● BRIEF
Pictures stay out; everything else in the records below gets copied exactly.

● EXTRACTED RECORDS
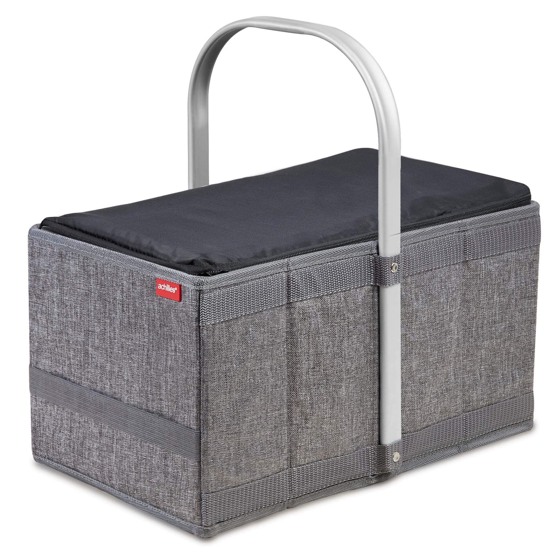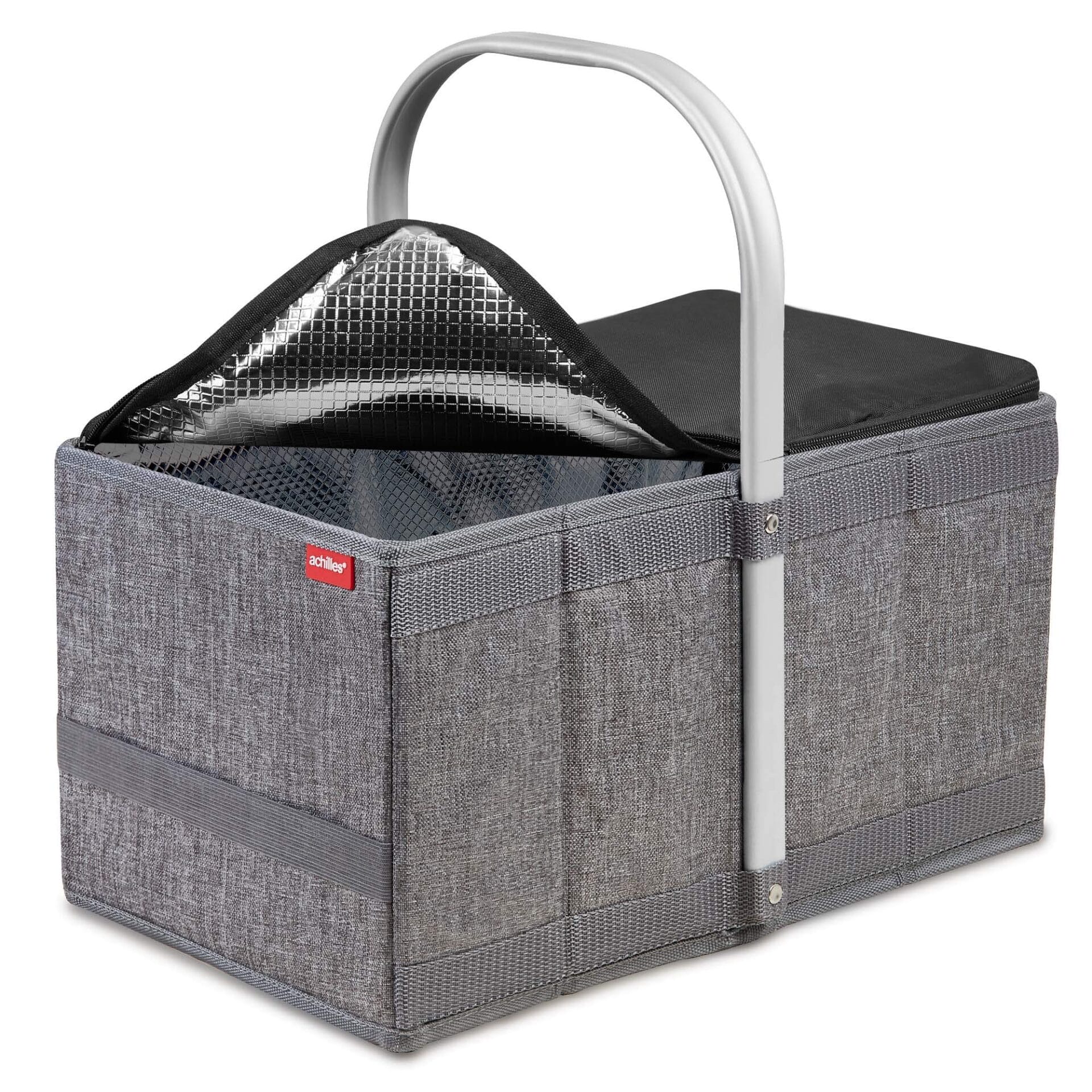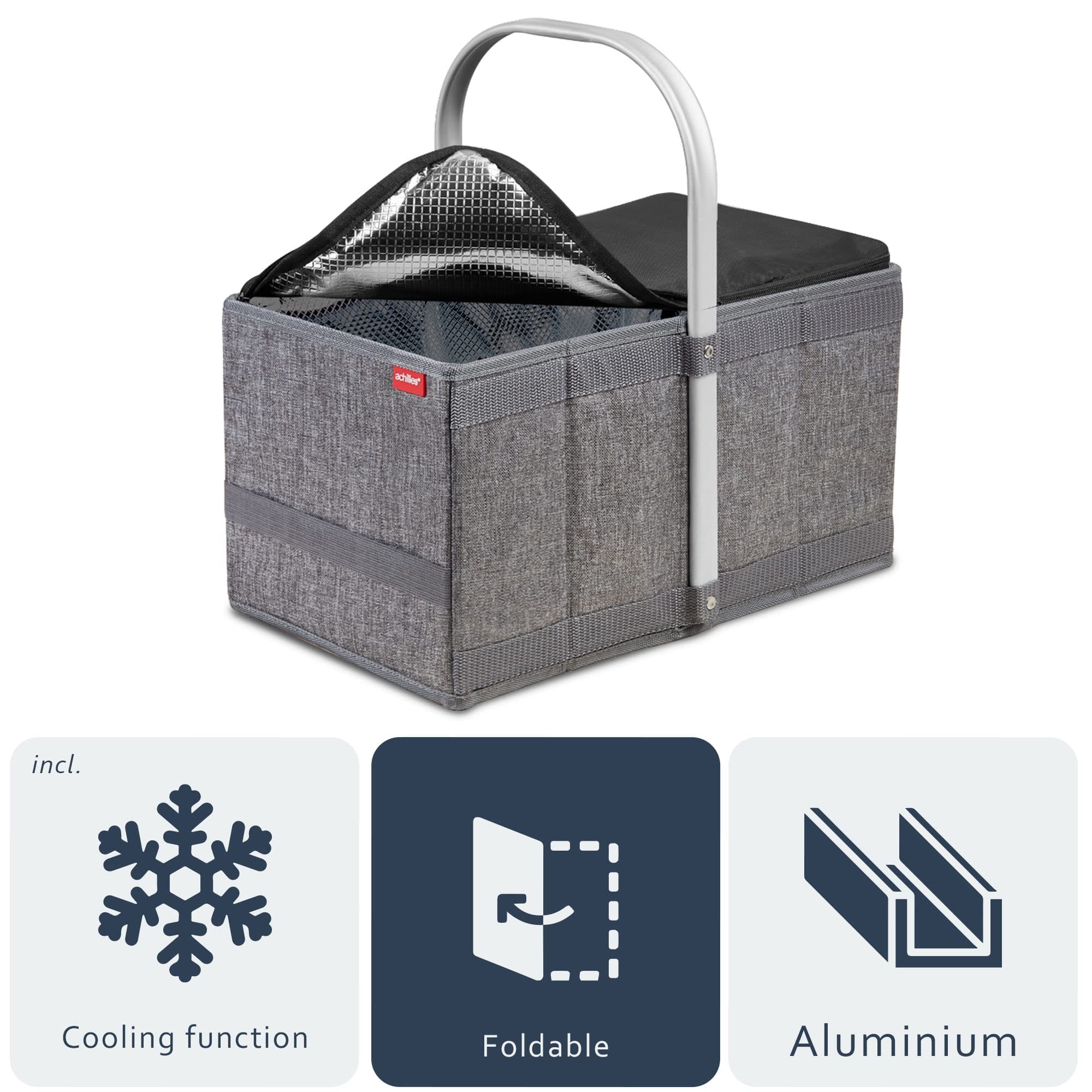 achilles Handle-Box Cool to składany koszyk na zakupy z wkładką chłodzącą, który jest kompletnym przewodnikiem dla klienta. Ten stylowy koszyk marki achilles został wykonany z wytrzymałego poliestru, posiada aluminiową rączkę i wkładkę chłodzącą, co czyni go idealnym towarzyszem podczas zakupów lub pikników na świeżym powietrzu.
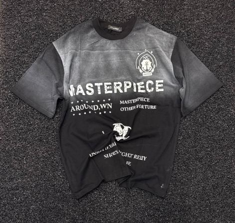 ویژگی برجسته این تیشرت، چاپ بزرگ و پررنگ کلمه "MASTERPIECE" در قسمت میانی آن است که با فونتی نیمه شکسته و حالتی هنری، مفهوم اثر هنری و شاهکار را به بیننده منتقل میکند. در اطراف این نوشته، عباراتی مانند "AROUND, WN"، "OTHER FORTUNE" و "UNITED REITY" با طراحیهای متنوع چاپ شدهاند که هر کدام به نوعی مفهوم برتری و منحصر به فرد بودن را القا میکنند.
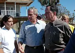 - September 19 – President Bush travels to Florida to see the damages of Hurricane Ivan, meeting with Governor of Alabama Bob Riley and brother Jeb Bush, incumbent Governor of Florida.[78] Senator John McCain reflects that President Bush's clearness to Americans on Iraq as not "as straight as maybe we'd like to see" and calls it a mistake for not enough American troops being in place during the first victories won by Americans there, citing it as the beginning of "very, very significant" troubles for the US.[79]
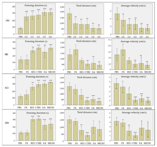 Data acquired from the novel tank test were analyzed using SPSS Statistics 17.0 software. Analysis of variance (ANOVA) was performed on the experimental data, and the means were compared using Duncan’s multiple range test.
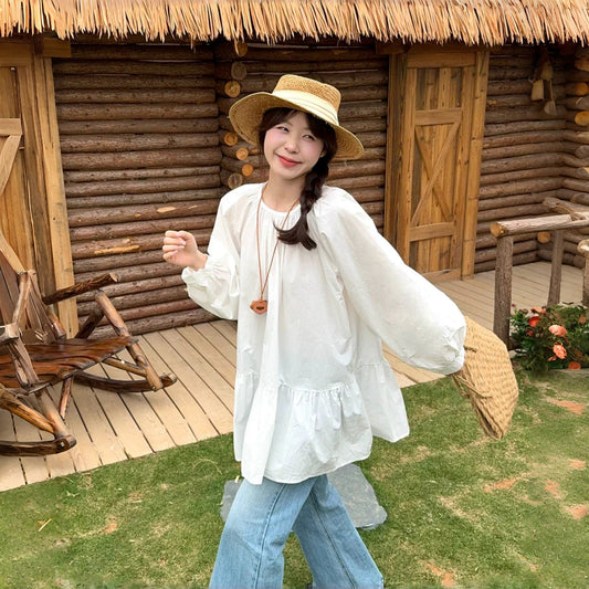 【60%OFF⭐️早い者勝ち】【ワンピース】ゆったり 大きいサイズ ピンチバック チュニックドレス シンプル カジュアル 通勤 スウィート 長袖 ワンピース【JZシリーズ】
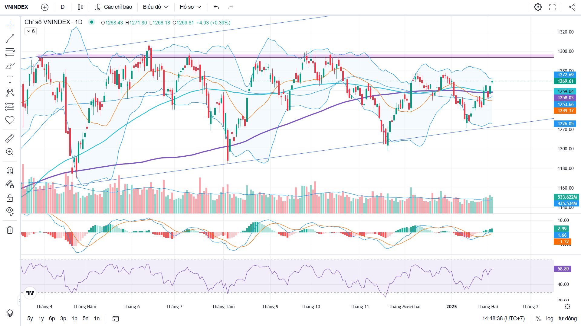 Phiên đầu tiên của năm 2025 mở màn khá thuận lợi. VnIndex rung lắc ở giữa phiên và hồi phục về cuối phiên, đóng cửa tại 1269.71đ (+2.93đ) trong khi Vn30 kết phiên ở 1343.20đ (-1.55đ).

● YOUR SOLUTION
 achilles Handle-Box Cool to składany koszyk na zakupy z wkładką chłodzącą, który jest kompletnym przewodnikiem dla klienta. Ten stylowy koszyk marki achilles został wykonany z wytrzymałego poliestru, posiada aluminiową rączkę i wkładkę chłodzącą, co czyni go idealnym towarzyszem podczas zakupów lub pikników na świeżym powietrzu.
 ویژگی برجسته این تیشرت، چاپ بزرگ و پررنگ کلمه "MASTERPIECE" در قسمت میانی آن است که با فونتی نیمه شکسته و حالتی هنری، مفهوم اثر هنری و شاهکار را به بیننده منتقل میکند. در اطراف این نوشته، عباراتی مانند "AROUND, WN"، "OTHER FORTUNE" و "UNITED REITY" با طراحیهای متنوع چاپ شدهاند که هر کدام به نوعی مفهوم برتری و منحصر به فرد بودن را القا میکنند.
 - September 19 – President Bush travels to Florida to see the damages of Hurricane Ivan, meeting with Governor of Alabama Bob Riley and brother Jeb Bush, incumbent Governor of Florida.[78] Senator John McCain reflects that President Bush's clearness to Americans on Iraq as not "as straight as maybe we'd like to see" and calls it a mistake for not enough American troops being in place during the first victories won by Americans there, citing it as the beginning of "very, very significant" troubles for the US.[79]
 Data acquired from the novel tank test were analyzed using SPSS Statistics 17.0 software. Analysis of variance (ANOVA) was performed on the experimental data, and the means were compared using Duncan’s multiple range test.
 【60%OFF⭐️早い者勝ち】【ワンピース】ゆったり 大きいサイズ ピンチバック チュニックドレス シンプル カジュアル 通勤 スウィート 長袖 ワンピース【JZシリーズ】
 Phiên đầu tiên của năm 2025 mở màn khá thuận lợi. VnIndex rung lắc ở giữa phiên và hồi phục về cuối phiên, đóng cửa tại 1269.71đ (+2.93đ) trong khi Vn30 kết phiên ở 1343.20đ (-1.55đ).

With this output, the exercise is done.